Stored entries
.....

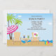 Modern and fun beach party invitation. Features two beach chairs, a colourful umbrella and tropical drinks beneath swaying palm trees. Some elements corazondulce.etsy.com
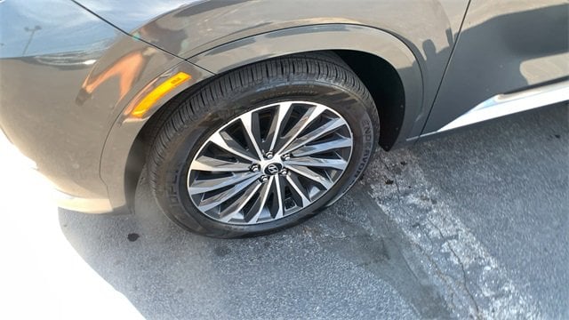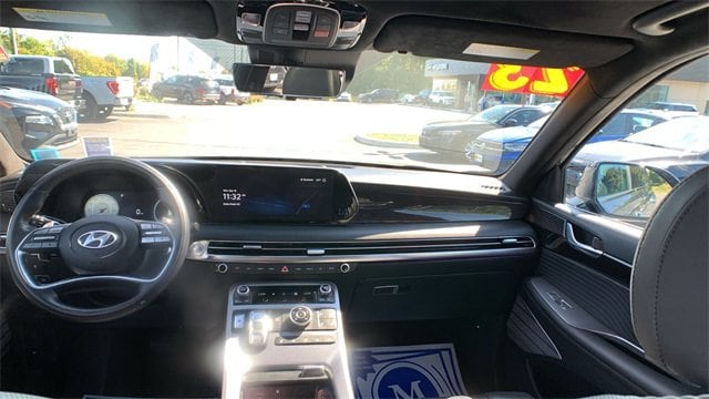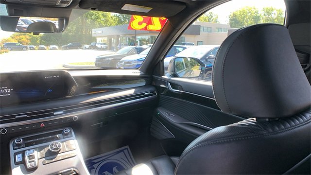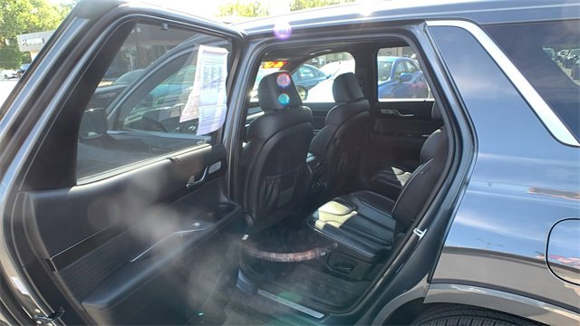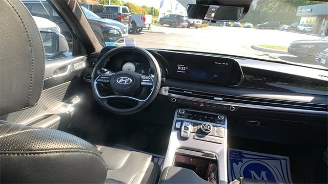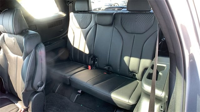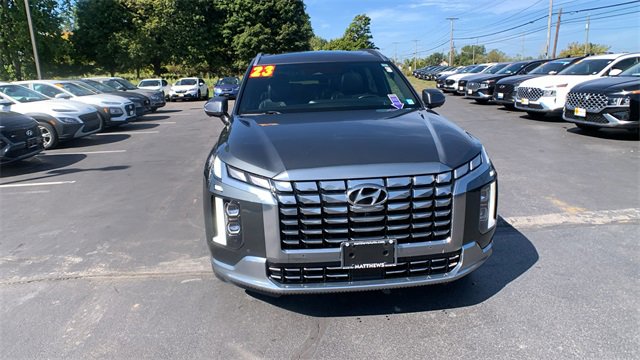 Certified. Steel Graphite 2023 Hyundai Palisade Calligraphy AWD 8-Speed Automatic with SHIFTRONIC V6 12 Speakers, 3.648 Axle Ratio, 3rd row seats: split-bench, 4-Wheel Disc Brakes, ABS brakes, Air Conditioning, Alloy wheels, AM/FM radio: SiriusXM, Apple CarPlay & Android Auto, Auto High-beam Headlights, Auto-dimming door mirrors, Auto-dimming Rear-View mirror, Auto-leveling suspension, Automatic temperature control, Brake assist, Bumpers: body-color, Cargo Cover/Screen, Cargo Net, Cargo Tray, Carpeted Floor Mats, Compass, Delay-off headlights, Driver door bin, Driver vanity mirror, Dual front impact airbags, Dual front side impact airbags, Electronic Stability Control, Emergency communication system: Blue Link Connected Car Service (3-year complimentary subscription), Exterior Parking Camera Rear, Four wheel independent suspension, Front anti-roll bar, Front Bucket Seats, Front Center Armrest, Front dual zone A/C, Front reading lights, Fully automatic headlights, Garage door transmitter: HomeLink, harman/kardon® Speakers, Heads-Up Display, Heated & Ventilated Front Bucket Seats, Heated door mirrors, Heated front seats, Heated rear seats, Heated steering wheel, Illuminated entry, Knee airbag, Low tire pressure warning, Memory seat, Navigation System, Occupant sensing airbag, Option Group 01, Outside temperature display, Overhead airbag, Overhead console, Panic alarm, Passenger door bin, Passenger vanity mirror, Power door mirrors, Power driver seat, Power Liftgate, Power moonroof, Power passenger seat, Power steering, Power windows, Premium Nappa Leather Seat Trim, Radio data system, Radio: AM/FM/MP3 Premium Audio System, Rain sensing wipers, Rear air conditioning, Rear anti-roll bar, Rear audio controls, Rear reading lights, Rear side impact airbag, Rear window defroster, Rear window wiper, Reclining 3rd row seat, Remote keyless entry, Security system, Speed control, Speed-sensing steering, Split folding rear seat, Spoiler, Steering wheel mounted audio controls, Tachometer, Telescoping steering wheel, Tilt steering wheel, Traction control, Trip computer, Turn signal indicator mirrors, Variably intermittent wipers, Ventilated front seats, Ventilated rear seats, Wheel Locks, Wheels: 20" x 7.5J Calligraphy Exclusive Alloy.
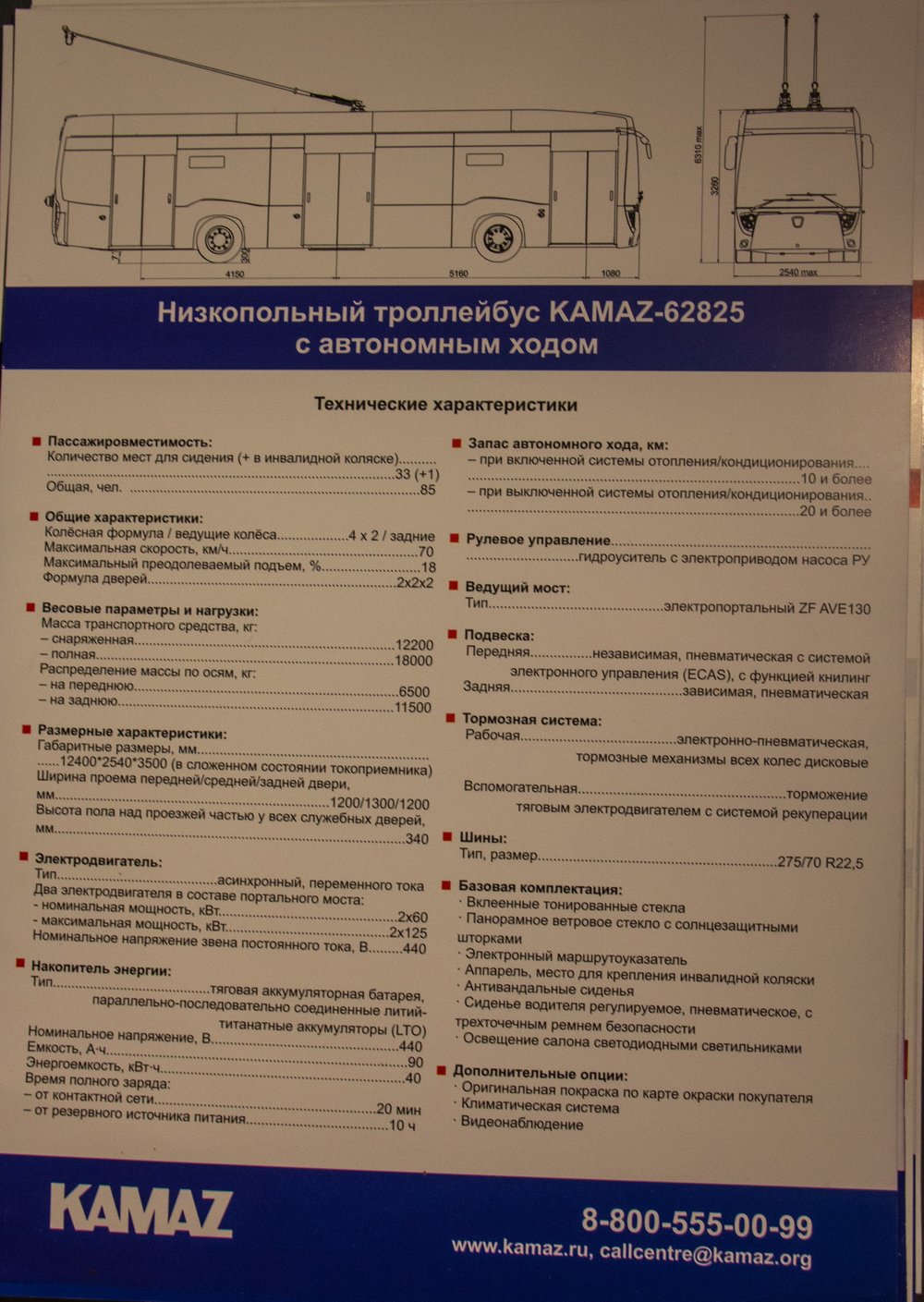 Ruský výrobce KAMAZ představil v tomto týdnu na veletrhu Busworld Russia konaném v Krasnogorsku v areálu Crocus Expo trolejbus, který možno označit jako parciální. Je to vůbec poprvé, co trolejbus tento známý producent vyrobil. O něco zajímavější je ještě fakt, že právě KAMAZ dodává do Moskvy elektrobusy typu KAMAZ-6282, které se v provozu zatím neosvědčily a z nichž byl právě nový trolejbus nesoucí podobné označení KAMAZ-62825 odvozen.
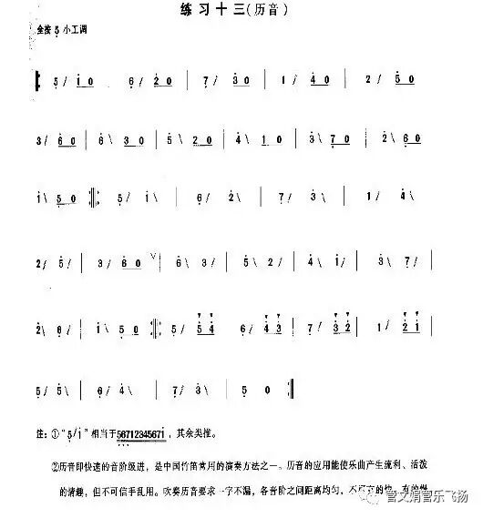 注:历音即快速的音阶级进,是中国竹笛常用的演奏方法之一。历音的应用能使乐曲产生流利、活泼的情趣,但不可信手滥用。吹奏历音要求一字不漏、各音阶之间距离均匀、不可有的快、有的慢。
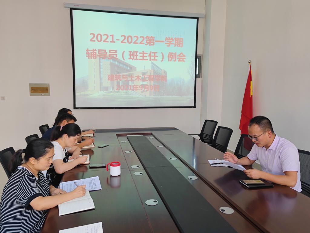 9月9日下午,BEAT365英国官网在综合实验楼402召开2021-2022学年第一学期辅导员(班主任)例会。学院党委副书记冀鹏主持,全体辅导员和兼职班主任参会。
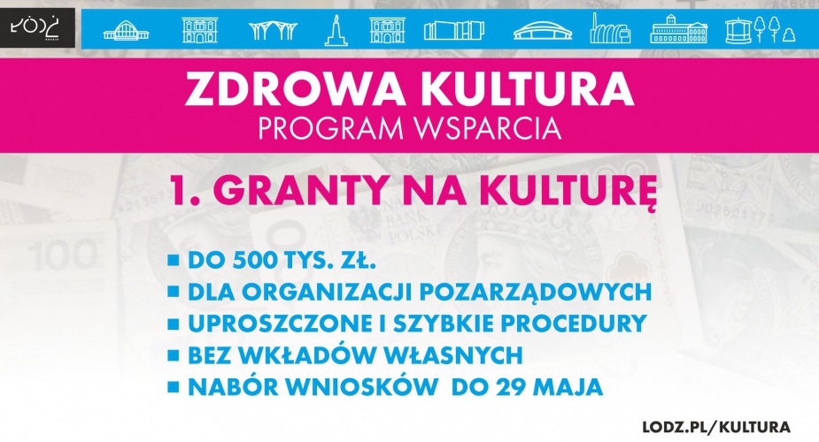 Operatorem programu grantowego jest Wydział Kultury UMŁ, który na ten cel przeznaczył pół miliona złotych. Wsparcie kierowane jest do organizacji pozarządowych realizujących projekty artystyczne w takich dziedzinach jak: muzyka, literatura, film, sztuki performatywne, sztuki wizualne czy taniec. Organizacje będą zobligowane do angażowania w swoje działania łódzkich artystów. Nabór do programu rozpoczyna się 20 kwietnia i trwa do 29 maja. Projekty będą mogły być realizowane do końca roku. A sama procedura naboru będzie na wyjątkowych zasadach. - Upraszczamy procedury, zwalniamy z wkładów własnych, wnioskodawca nie będzie miał też obowiązku dostarczenia rekomendacji – mówi Małgorzata Moskwa-Wodnicka, wiceprezydent Łodzi odpowiedzialna za kulturę.Wnioski można składać za pomocą formularza zamieszczonego na stronie: https://uml.lodz.pl/kultura/wsparcie-kultury/
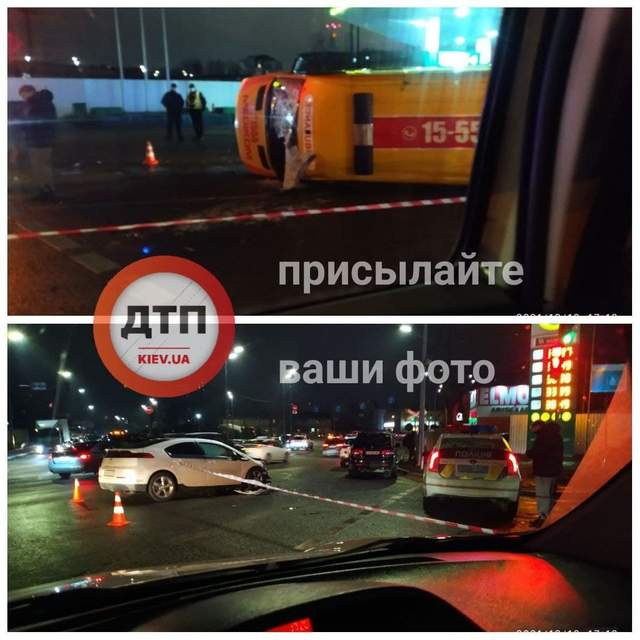 У цей час з вулиці Новокостянтинівської у напрямку центру рухався автомобіль Chevrolet Volt. Він по дотичній вдарив Mercedes медиків, внаслідок чого той перекинувся на бік.
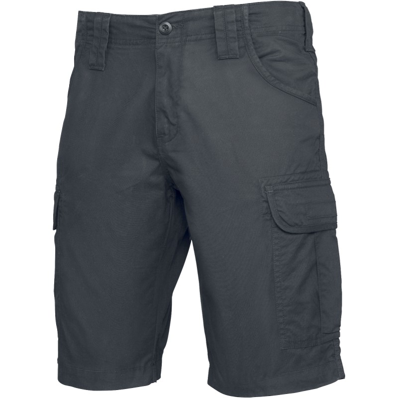 100% coton. Coton sergé. Lavage aux enzymes. Fermeture zippée avec bouton. 4 poches côtés dont 2 plaquées avec rabat et bouton pression. 2 poches arrière avec rabat et bouton pression. Finition bordée sur poches. Ce produit a subi un traitement spécial et présente un aspect volontairement vieilli. Ce procédé de fabrication implique des variations de couleurs d'un produit à l'autre et rend chaque pièce unique.
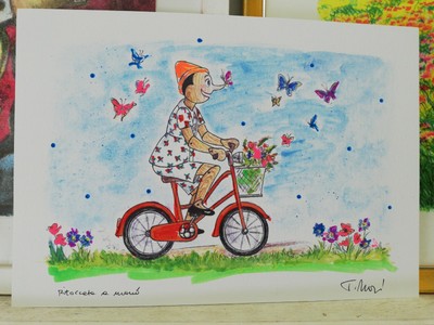 Teo Mori Serigrafia Cornice Pinocchio Bicicletta Farfalle Quadro Grecoarte Ebay
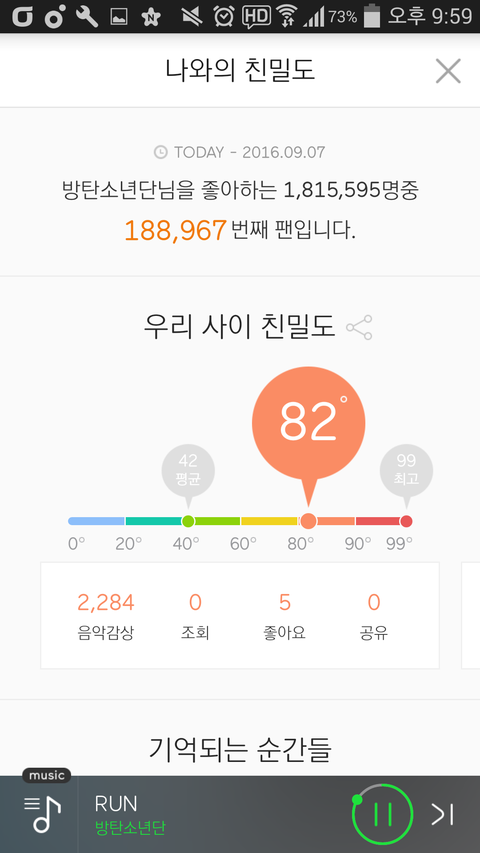 서양수박으로 갈아탄지 8일됐거든 오늘 방탄이랑 친밀도 82도됐엉!!! 99도인 이삐들도 있던데 그이삐들 부럽 나도 99도 될때까지 열스할게!!!
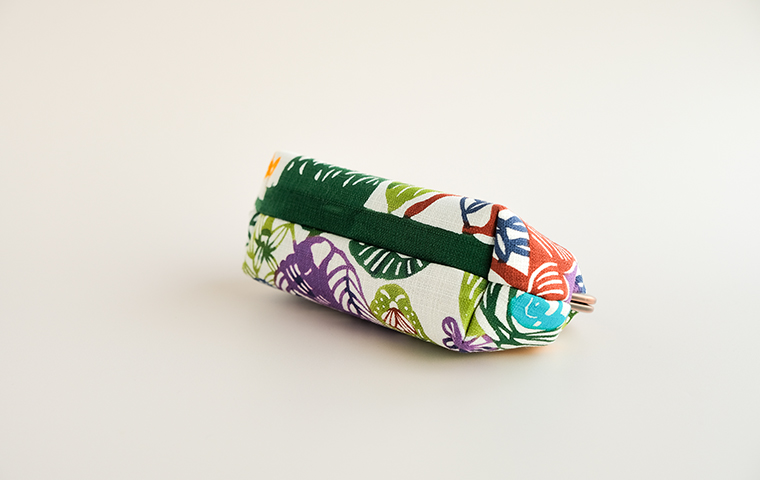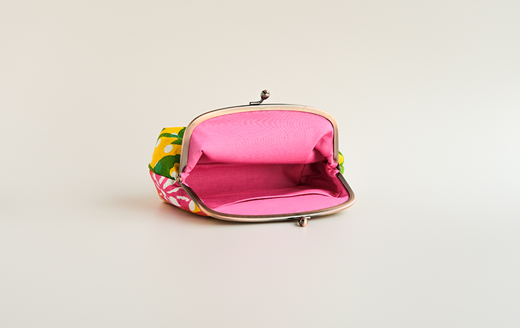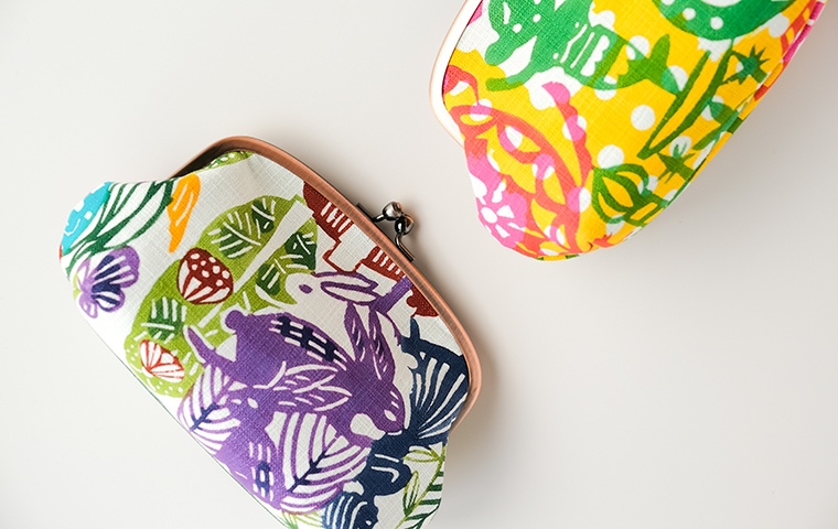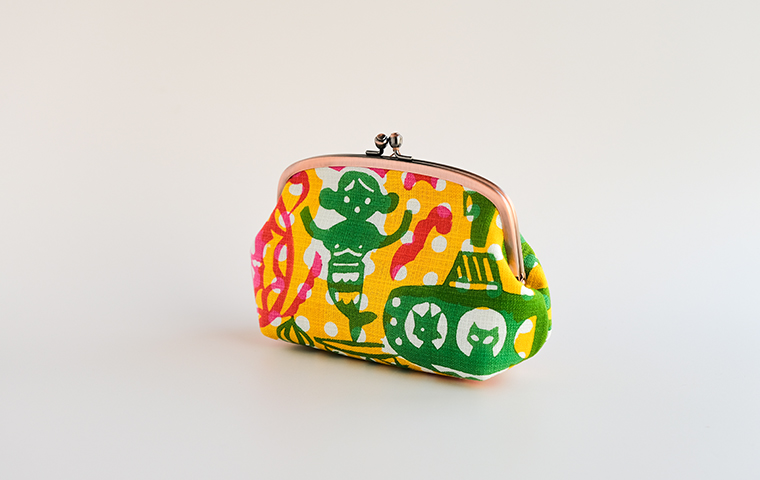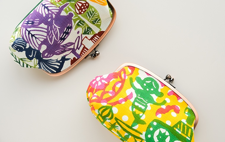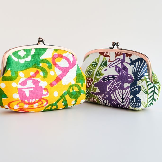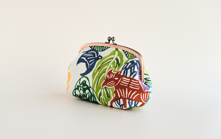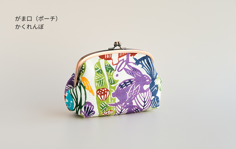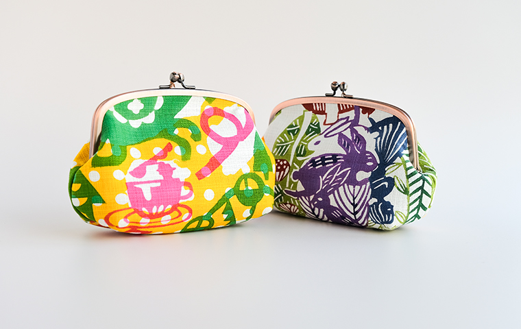 型染作家・関美穂子さんによる手染生地で仕立てた、ぽってりした形がかわいいポーチ型のがま口です。片側には内ポケットも付いています。しっかりマチがあるので、かばんの中のいろんな小物が上手に収納できそう。ご希望の絵柄を選択の上、ご注文ください。
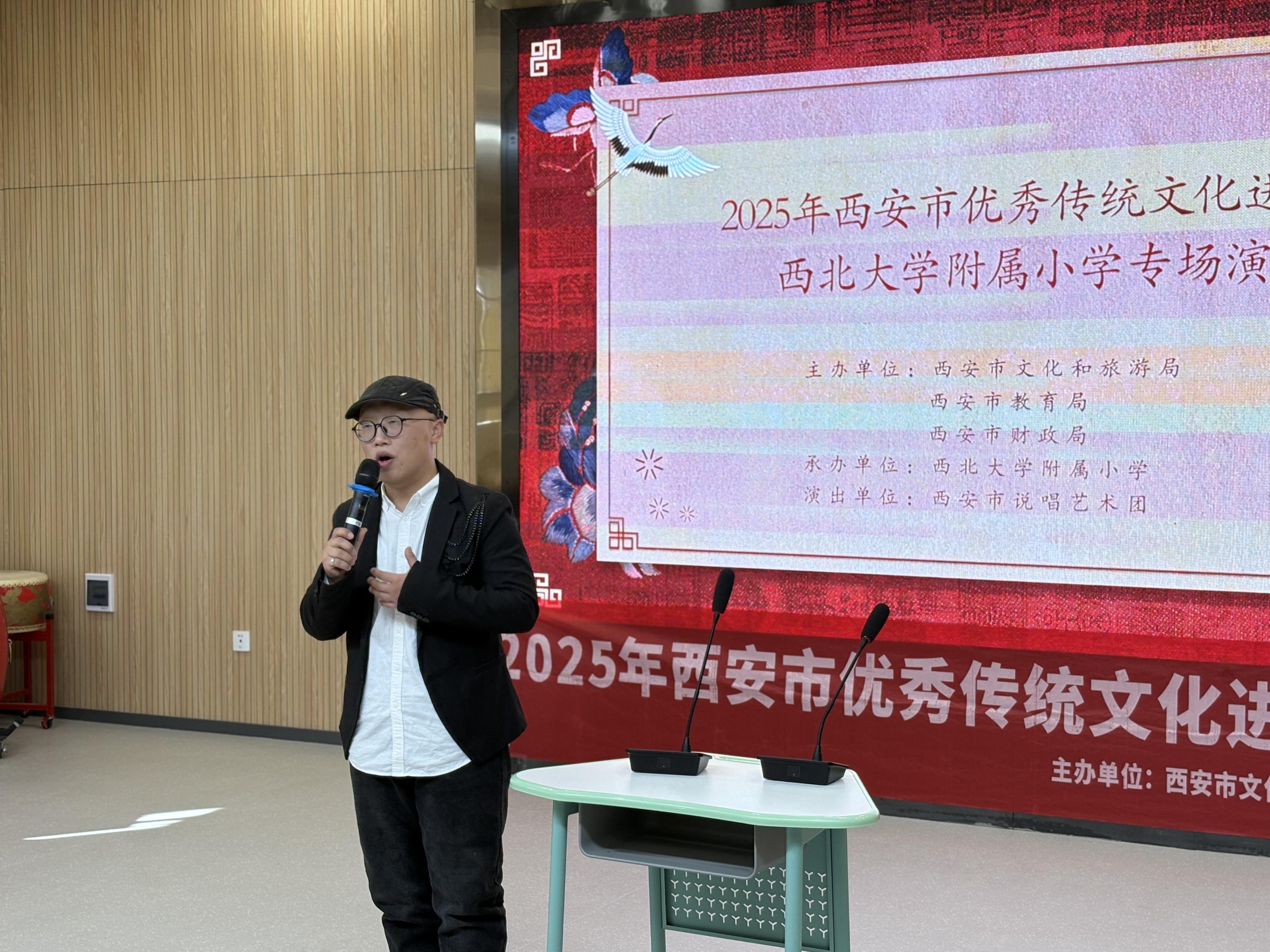 当曲艺的鼓点邂逅童真的眼眸,当经典的旋律萦绕书香校园,一场沉浸式的中华优秀传统文化盛宴在秉持“善博雅美”校训的西北大学附属小学温情上演。近日,西安演艺集团的艺术家们携满腔热忱走进校园,以曲艺为桥、以歌声为媒,为五年级学子们开启了一段领略传统文化魅力、践行校训精神的奇妙旅程。
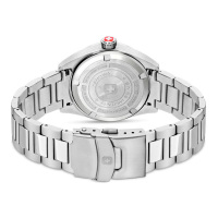 Корпус: Корпус выполнен из нержавеющей стали. Синий циферблат, выполнен по технологии Sunray (солнечные лучи). Метки в виде арабских цифр. Рифленая заводная головка с защитой украшена фирменным логотипом. Сапфировое стекло, особо устойчивое к царапинам. Диаметр корпуса составляет 43 мм. Водостойкость WR 100.
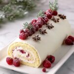 I adore dusting the cake roll with powdered sugar — it adds a snowy look that’s so cozy and festive. Fresh raspberries scattered on top give a pop of color and a tangy bite, while sugar-coated rosemary and star anise add an elegant crunch and a woodsy aroma that really brings it all home.
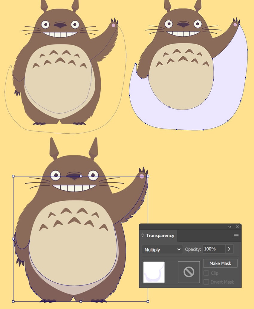 - در Transparency panel، حالت Multiply را برای شکل کپی انتخاب کن تا با بدنه ترکیب شود و یک سایه ملایم ایجاد کند.

.....

> Brief
All lines from the one containing "I adore dusting" through the end of the data are to be restated exactly, with nothing else and without the pictures.

> Answer to this task
 I adore dusting the cake roll with powdered sugar — it adds a snowy look that’s so cozy and festive. Fresh raspberries scattered on top give a pop of color and a tangy bite, while sugar-coated rosemary and star anise add an elegant crunch and a woodsy aroma that really brings it all home.
 - در Transparency panel، حالت Multiply را برای شکل کپی انتخاب کن تا با بدنه ترکیب شود و یک سایه ملایم ایجاد کند.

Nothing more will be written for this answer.